La crise humanitaire qui touche la Somalie menace de s’aggraver de façon imminente. Alors qu’une sécheresse prolongée anéantit les moyens d’existence de tout un pays, on estime que 6,5 millions[1] de personnes se trouvent en situation d’insécurité alimentaire aiguë.

Après deux saisons des pluies consécutives sans précipitations suffisantes, on redoute fortement un retour aux niveaux catastrophiques de famine observés en 2022.

L’élevage, dont plus de 60% de la population dépend pour vivre, est la colonne vertébrale de l’économie somalienne. Affaibli par des chocs climatiques répétés, ce secteur est aujourd’hui en voie d’effondrement. Les cheptels sont décimés, laissant des familles sans aucune source de revenus ou de nourriture et poussant des milliers de personnes à chercher refuge dans des camps de fortune.

À Dusamareb, Abdulkadir Mohamed Farah, un éleveur de 61 ans, surveille le ciel avec une appréhension grandissante. En moins d’un an, il a perdu 90% de ses chèvres et plus de deux tiers de ses dromadaires.

« Nos troupeaux de dromadaires et de chèvres ont disparu et nous craignons de connaître le même sort », s’inquiète-t-il. « Les animaux meurent de faim. Il ne me reste plus que 50 chèvres sur les 500 que je possédais. J’avais 70 dromadaires ; il n’y en a plus que 20. »

Dans les communautés d’éleveurs, la perte de bétail ne signifie pas seulement une perte de revenus. Elle menace tout un mode de vie, car il est souvent indispensable de quitter les zones rurales pour espérer recevoir une aide. Près de Dangoroyo, dans le Nugaal, une région du nord de la Somalie, Maymun Ali Mohamed, 19 ans, vient d’arriver dans un camp de personnes déplacées. Accompagnée de ses deux jeunes enfants, c’est là qu’elle est venue se réfugier quand elle a perdu ses bêtes.

« En voyant mon troupeau condamné, j’ai décidé de rejoindre des proches…  Il me fallait à tout prix sauver mes enfants », témoigne Maymun.

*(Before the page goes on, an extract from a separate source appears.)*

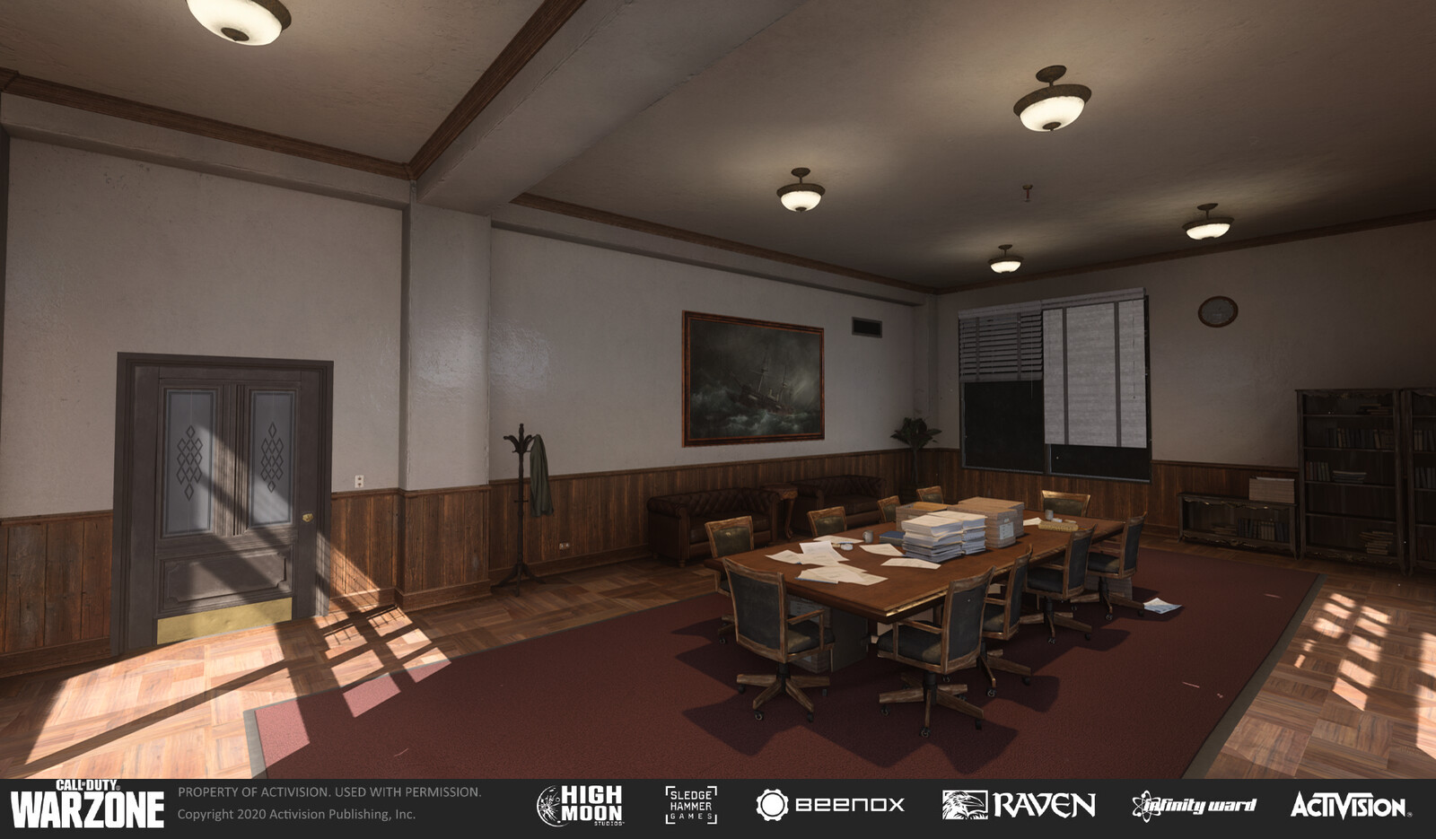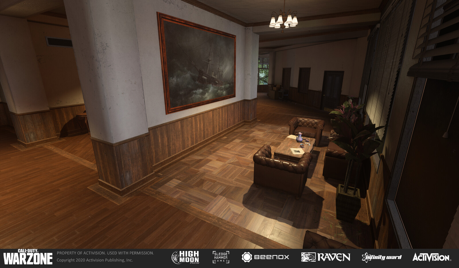 I was responsible for lighting, reflection probe setup, tuning atmospheric and exposure settings, and conveying the mood/story of the level. Due to the nature of Warzone's competitive multiplayer mode, visibility for the player was also of paramount importance. I communicated with concept, design, and environment teams to ensure the gameplay and narrative were being supported by lighting. I coordinated with the FX team to make sure exposure settings and atmospherics were supporting effects, and worked with tech art to help optimize the level while still reaching our visual target.

Les déplacements se font de plus en plus nombreux en Somalie. En 2025, plus d’un demi-million de personnes ont dû partir de chez elles sous les effets conjugués des conflits et de la sécheresse, qui sont venus aggraver la vulnérabilité de communautés déjà fragiles.

« Les combats ont provoqué des déplacements. La sécheresse, aussi… Si la pluie n’arrive pas bientôt, la situation deviendra désespérée », estime Mohamed Sheikh, qui supervise les opérations du CICR dans la région de Galmudug.

Cette aggravation survient dans un contexte de forte diminution des financements humanitaires destinés à la Somalie. De nombreuses organisations sont contraintes de mettre fin à des programmes, réduisant ainsi le soutien apporté aux populations sous forme d'aide alimentaire et d'approvisionnement en eau, de soins médicaux et d'appui aux moyens de subsistance, alors même que les besoins ne cessent d'augmenter.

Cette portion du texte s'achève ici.